|Feb. 17th, 2012 @ 06:17 pm Economic Numbers|
According to our government, unemployment is falling. Great news! Except that the labor force participation rate, ie. the share of people who haven't given up looking, has mysteriously fallen more last month than ever before. And while looking for the first link above, I found this article from 2011 Jan. That one noted that unemployment is falling but the participation rate is falling too, so the same shenanigans have been going on for over a year. In fact, the 2011 article says that "almost 2/3rds of the decline in the unemployment rate was related to the decline in the participation rate."

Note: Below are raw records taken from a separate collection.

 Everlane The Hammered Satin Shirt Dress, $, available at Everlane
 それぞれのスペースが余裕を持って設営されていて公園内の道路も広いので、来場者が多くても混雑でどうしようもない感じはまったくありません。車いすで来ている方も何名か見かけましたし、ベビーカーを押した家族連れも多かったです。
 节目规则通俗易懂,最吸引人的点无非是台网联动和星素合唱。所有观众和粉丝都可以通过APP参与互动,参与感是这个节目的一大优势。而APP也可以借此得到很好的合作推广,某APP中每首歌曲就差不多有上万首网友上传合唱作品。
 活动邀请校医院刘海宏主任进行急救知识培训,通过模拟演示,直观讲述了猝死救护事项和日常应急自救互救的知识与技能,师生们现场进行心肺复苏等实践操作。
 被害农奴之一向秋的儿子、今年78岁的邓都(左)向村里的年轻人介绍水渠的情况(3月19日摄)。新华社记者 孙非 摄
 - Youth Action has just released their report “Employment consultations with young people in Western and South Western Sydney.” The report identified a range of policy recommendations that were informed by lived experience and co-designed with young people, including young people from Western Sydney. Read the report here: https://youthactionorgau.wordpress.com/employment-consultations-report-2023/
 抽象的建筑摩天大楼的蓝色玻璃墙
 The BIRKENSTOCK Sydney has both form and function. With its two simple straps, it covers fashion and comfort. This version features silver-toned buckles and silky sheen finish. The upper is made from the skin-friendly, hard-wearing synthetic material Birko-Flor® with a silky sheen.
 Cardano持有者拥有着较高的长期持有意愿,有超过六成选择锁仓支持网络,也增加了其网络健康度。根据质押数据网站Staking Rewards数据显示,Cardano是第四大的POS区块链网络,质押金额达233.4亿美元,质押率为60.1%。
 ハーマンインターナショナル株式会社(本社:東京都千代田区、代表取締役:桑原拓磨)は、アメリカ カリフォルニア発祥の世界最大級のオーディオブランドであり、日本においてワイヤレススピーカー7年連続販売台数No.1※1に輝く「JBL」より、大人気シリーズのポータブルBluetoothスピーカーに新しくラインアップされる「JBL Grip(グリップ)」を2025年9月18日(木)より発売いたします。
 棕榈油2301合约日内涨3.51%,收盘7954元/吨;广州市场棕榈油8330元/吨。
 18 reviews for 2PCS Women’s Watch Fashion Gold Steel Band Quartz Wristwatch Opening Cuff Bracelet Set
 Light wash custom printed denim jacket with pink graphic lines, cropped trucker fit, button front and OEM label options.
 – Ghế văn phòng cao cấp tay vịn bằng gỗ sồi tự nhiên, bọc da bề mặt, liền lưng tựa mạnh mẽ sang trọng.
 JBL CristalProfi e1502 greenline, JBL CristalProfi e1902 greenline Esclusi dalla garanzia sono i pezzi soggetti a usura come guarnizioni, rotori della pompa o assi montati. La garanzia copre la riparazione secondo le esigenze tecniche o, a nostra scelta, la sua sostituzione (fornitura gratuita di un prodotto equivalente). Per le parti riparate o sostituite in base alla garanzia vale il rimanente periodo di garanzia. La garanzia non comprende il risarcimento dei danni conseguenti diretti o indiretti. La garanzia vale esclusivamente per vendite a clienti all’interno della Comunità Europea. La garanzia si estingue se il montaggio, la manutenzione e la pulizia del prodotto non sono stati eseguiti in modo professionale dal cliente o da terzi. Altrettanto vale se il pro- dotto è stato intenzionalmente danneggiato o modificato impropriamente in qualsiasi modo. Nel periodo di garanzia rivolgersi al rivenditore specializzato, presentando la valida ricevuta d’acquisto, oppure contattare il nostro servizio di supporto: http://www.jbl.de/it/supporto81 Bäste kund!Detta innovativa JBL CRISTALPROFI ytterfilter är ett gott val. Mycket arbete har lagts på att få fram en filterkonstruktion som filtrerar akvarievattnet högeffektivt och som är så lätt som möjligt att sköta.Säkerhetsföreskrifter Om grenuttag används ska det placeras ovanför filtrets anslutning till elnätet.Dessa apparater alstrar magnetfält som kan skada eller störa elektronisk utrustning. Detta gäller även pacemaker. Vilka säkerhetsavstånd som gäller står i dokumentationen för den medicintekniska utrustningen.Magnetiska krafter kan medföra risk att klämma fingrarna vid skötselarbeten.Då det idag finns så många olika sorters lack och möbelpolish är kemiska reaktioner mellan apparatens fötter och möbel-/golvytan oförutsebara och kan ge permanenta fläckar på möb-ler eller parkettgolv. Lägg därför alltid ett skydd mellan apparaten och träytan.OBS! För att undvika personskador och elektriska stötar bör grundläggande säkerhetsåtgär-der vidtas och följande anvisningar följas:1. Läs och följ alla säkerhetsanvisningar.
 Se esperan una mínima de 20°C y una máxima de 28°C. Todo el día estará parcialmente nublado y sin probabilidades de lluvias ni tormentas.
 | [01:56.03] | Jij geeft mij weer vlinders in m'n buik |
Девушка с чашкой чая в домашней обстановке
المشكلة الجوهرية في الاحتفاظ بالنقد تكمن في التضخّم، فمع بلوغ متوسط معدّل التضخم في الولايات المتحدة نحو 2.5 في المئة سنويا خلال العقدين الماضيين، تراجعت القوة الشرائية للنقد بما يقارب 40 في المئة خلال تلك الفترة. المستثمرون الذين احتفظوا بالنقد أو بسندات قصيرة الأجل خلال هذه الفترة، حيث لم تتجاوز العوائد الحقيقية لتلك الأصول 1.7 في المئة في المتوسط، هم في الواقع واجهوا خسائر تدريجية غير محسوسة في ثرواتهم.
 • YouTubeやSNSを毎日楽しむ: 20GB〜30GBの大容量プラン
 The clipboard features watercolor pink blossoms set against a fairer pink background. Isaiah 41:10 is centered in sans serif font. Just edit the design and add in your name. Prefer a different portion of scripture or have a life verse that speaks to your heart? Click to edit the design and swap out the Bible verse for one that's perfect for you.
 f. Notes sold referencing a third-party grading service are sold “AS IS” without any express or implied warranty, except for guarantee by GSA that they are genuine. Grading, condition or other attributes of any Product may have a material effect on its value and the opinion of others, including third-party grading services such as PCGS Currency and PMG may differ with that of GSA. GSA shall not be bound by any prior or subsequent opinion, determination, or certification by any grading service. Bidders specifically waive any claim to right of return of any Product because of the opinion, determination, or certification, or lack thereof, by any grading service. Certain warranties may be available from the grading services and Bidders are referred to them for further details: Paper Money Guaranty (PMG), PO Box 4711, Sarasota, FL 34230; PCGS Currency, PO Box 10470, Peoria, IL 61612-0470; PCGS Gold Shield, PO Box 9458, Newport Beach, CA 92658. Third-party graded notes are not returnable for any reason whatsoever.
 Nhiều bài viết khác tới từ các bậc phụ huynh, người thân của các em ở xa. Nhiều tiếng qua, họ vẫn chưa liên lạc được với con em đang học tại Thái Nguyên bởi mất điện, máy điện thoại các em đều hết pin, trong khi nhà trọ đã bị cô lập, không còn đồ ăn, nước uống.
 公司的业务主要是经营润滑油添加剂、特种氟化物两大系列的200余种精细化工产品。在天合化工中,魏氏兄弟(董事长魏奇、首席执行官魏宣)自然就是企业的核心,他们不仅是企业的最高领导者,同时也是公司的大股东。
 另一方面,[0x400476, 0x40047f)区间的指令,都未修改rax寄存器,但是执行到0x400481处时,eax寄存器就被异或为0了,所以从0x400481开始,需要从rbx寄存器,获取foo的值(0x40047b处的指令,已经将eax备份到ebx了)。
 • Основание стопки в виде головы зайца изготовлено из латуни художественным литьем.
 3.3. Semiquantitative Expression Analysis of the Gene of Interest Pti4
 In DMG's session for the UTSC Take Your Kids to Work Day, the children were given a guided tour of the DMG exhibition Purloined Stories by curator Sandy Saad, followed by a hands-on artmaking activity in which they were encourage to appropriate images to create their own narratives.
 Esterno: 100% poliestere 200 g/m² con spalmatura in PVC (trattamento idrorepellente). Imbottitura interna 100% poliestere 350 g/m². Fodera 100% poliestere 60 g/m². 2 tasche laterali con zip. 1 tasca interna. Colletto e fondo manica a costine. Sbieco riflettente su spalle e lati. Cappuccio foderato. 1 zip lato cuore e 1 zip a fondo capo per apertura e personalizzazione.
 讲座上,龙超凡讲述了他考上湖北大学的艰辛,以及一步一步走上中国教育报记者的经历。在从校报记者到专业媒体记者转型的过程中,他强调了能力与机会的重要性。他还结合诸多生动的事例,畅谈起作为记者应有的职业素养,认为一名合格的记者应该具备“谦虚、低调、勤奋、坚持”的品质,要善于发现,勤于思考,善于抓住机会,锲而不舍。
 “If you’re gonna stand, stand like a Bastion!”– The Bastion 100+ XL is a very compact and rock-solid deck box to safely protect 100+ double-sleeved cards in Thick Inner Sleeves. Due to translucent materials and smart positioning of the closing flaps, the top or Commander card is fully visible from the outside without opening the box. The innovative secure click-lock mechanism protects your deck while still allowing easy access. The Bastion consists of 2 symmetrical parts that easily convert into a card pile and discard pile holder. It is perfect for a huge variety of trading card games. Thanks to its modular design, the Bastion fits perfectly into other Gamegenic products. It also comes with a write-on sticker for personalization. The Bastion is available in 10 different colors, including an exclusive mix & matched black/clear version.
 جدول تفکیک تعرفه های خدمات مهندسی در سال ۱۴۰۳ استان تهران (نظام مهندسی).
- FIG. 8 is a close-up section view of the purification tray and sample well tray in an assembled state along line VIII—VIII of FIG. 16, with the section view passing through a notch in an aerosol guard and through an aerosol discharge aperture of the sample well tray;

According to our government, we're making progress on cutting back federal spending. Great news! Except that according to the White House's own figures, the president proposes to increase spending every year. The president claims -- and the media are going to parrot -- that this budget strategy is "balanced" because it jacks up taxes but cuts the deficit by around 2.5 dollars for each buck of taxes. Now, since spending is going up, that means there are spending cuts of $0 in this budget, meaning the tax-hike/spending-cut ratio is infinity to one. (In fact, the president boasts about how he's going to raise spending on a lot of specific programs.) How are spending increases explained as deficit reduction? Easy: by the same weaseling both parties have been doing for many years, namely assuming that spending will rise every year and then congratulating yourself if you raise it by slightly less.
We're also hearing that the government might hit its debt ceiling yet again before the election. Don't worry, though; the accountants will do the same creative accounting they did last time to put off any real need for action.